Quasi 300 le opere esposte, per l’80% tutte parte della stessa collezione privata. I 600 metri quadri del Museo mentonasco, accolgono fino al 9 ottobre, una esposizione dai colori accesi, vivaci, dai tratti accattivanti e perfetti per l’estate, con tutti i temi cari a Dufy: regate, concorsi ippici, feste, fiori e paesaggi. Tutte scene vitali, intense, vivaci che scorrono davanti al nostro sguardo afra dipinti, acquerelli, disegni, incisioni ma anche i motivi destinati ai progetti per la moda che Dufy creerà in collaborazione con lo stilista avangardista Paul Poiret e la maison Bianchini-Férier. E’ la prima volta che la città dei limoni espone l’artista di Le Havre ma questa mostra é già stata presentata a Carcassonne nel 2015 e al Museo di Arte Moderna di Troyes, vicino Parigi. Il desiderio di mostrare queste opere in Costa Azzurra é partito proprio da questa grande collezionista di Dufy.

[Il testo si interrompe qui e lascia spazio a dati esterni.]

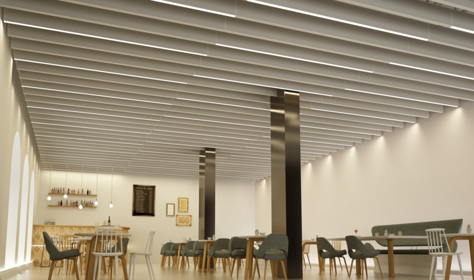Our system luminaire type LShine is the ideal lighting solution for Lindner baffle ceiling systems. It is delivered as an integrated entire modul consisting of luminaire and baffle ceiling. Besides the linear version, the luminaire can be produced for curved Lindner baffle ceiling systems.
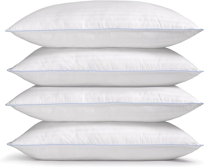 eLuxurySupply 4-Pack Premium Bed Pillows - Medium Density and Medium Loft Ideal for Back and Side Sleepers - 100% Cotton Casing - 20"X28" Standard/Queen Size
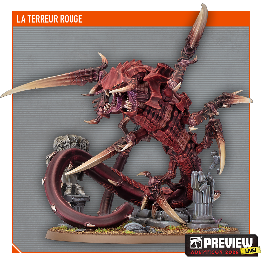 Les plus vieux commandants des Tyranides se rappelleront avec émotion de la Terreur Rouge des anciens codex Warhammer 40,000. La voilà de retour dans son tout premier kit individuel en plastique, prête à terroriser la galaxie de plus belle. Ce gigantesque monstre serpentin est capable de se régénérer en consommant de la biomasse, et il peut disparaître sous la killzone et y rôder, invisible, jusqu’à ce qu’il soit prêt à frapper et gober vos agents.
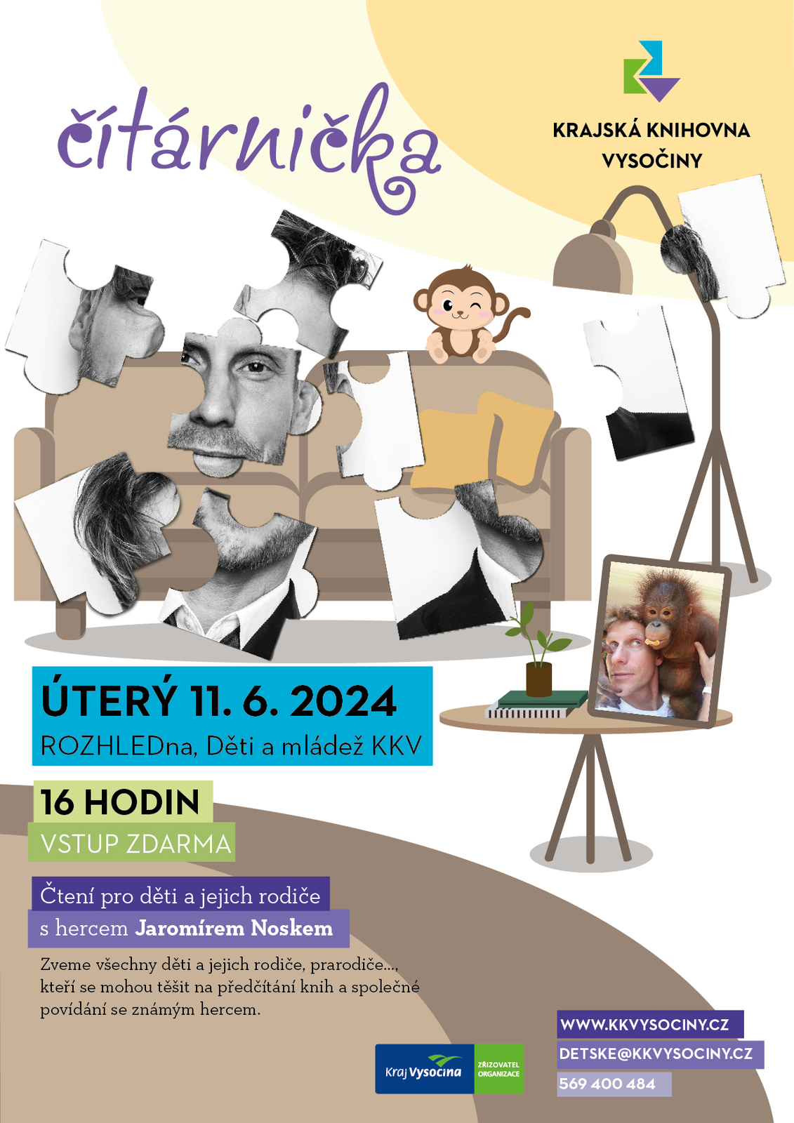 Zveme všechny děti a jejich rodiče, prarodiče…, kteří se mohou těšit na předčítání a společné povídání se známým hercem.
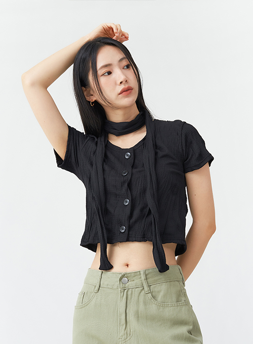 [무료배송] 링클 스카프 유넥 크롭 블라우스 U2107 (2 color)
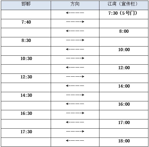 (3)特别提醒:班车从邯郸校区开到江湾校区后照常绕行江湾一圈,在三个经停站(先材楼、五号门路口、双桥)停车,以方便师生就近下车,但由于寒假期间班车间隔时间较长,为避免错过班车停靠时间,请乘坐班车的师生在宣传栏候车。
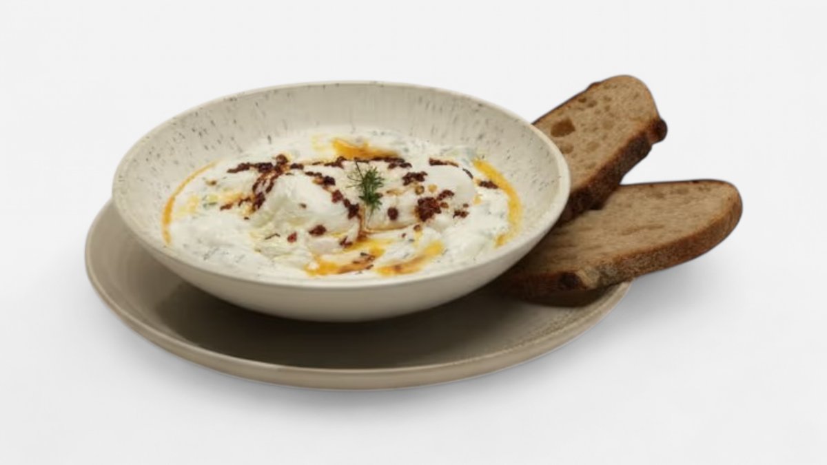 Dvě pošírovaná vejce, řecký jogurt, česnek, máslo, chilli vločky, kopr a chléb

E’ una esposizione colorata, fresca, piacevole – aveva spiegato Anthony Cardoso, fra i curatori, durante la prima presentazione della mostra – é il ‘pittore del piacere’ come lo defini’ Gertrude Stein (scrittrice e poetessa statunitense che grazie alla sua opera diede un  impulso rilevante allo sviluppo dell’arte moderna ndr). Ed é una collezione che sta bene proprio in questo Museo: con Cocteau si sono frequentati, hanno creato di tutto e non ci sono frontiere fra i due artisti. Troviamo immagini di moda, illustrazione di opere, dipinti, le grandi decorazioni murali, le ceramiche. Ed anche i temi sono estremamente vari: dai paesaggi ai ritratti, dai fiori ai nudi. Ed é geniale che Dufy non si sia limitato ad una tematica ma le ha affrontate tutte e bene. Tutto é meraviglioso di Dufy, come Matisse e Picasso, non c’é niente da aggiungere ed é tutto interessante. C’é stato anche un periodo difficile nella sua carriera, tra il 1907 e il 1909, con un certo approccio al cubismo, che é stato mal percepito. Molto leggero ed oggi é una cosa che non conosciamo di lui

In tutta la sua vita il collezionista ha potuto raggruppare le opere di un artista e la creazione di questa mostra nel Museo Cocteau é stata quasi naturale :  – Dufy é l’artista della luce e del colore – aveva detto la conservatrice del Museo Jean Cocteau collection Séverin Wunderman – Un luce che ha perfettamente riprodotto e trasmesso anche da tutto quello che l’artista ha potuto vedere del Mediterraneo, perché é stato sposato con una nizzarda e ha vissuto in Costa Azzurra per molto tempo.  Ci sono solo 10 anni di differena tra Dufy e Cocteau, sono morti all’incirca nello stesso periodo, hanno avuto una vita molto simile. E hanno vissuto in un mondo difficile: entrambi hanno vissuto le due guerre mondiali. Si sono frequentati e in questo percorso vedremo anche il loro lavoro in comune “Le Boeuf sur le toit” anche se la differenza di lavoro é assoluta. Quello con il collezionista é stato un bellissimo incontro per la città di Mentone e siamo felici di accogliere questa collezione che raggruppa tutti i temi che Dufy ha trattato dal colore, alla luce alle vibrazioni che sa tramettere. Malgrado sia vissuro in un periodo difficile, ha saputo mantenere l’ottimismo e la gentilezza. Uno sguardo gentile e felice, pieno di luce

E Cocteau lo defini’ cosi’ (la citazione accompagna l’ingresso della mostra ndr) : “Raoul non si indirizzava contro nessuno, non sucitava gelosia era un adoratore del sole. Lo immagazzinava e lo riproduceva sotto forma di  barche, di violocnelli, di vasi di fiori, di palme.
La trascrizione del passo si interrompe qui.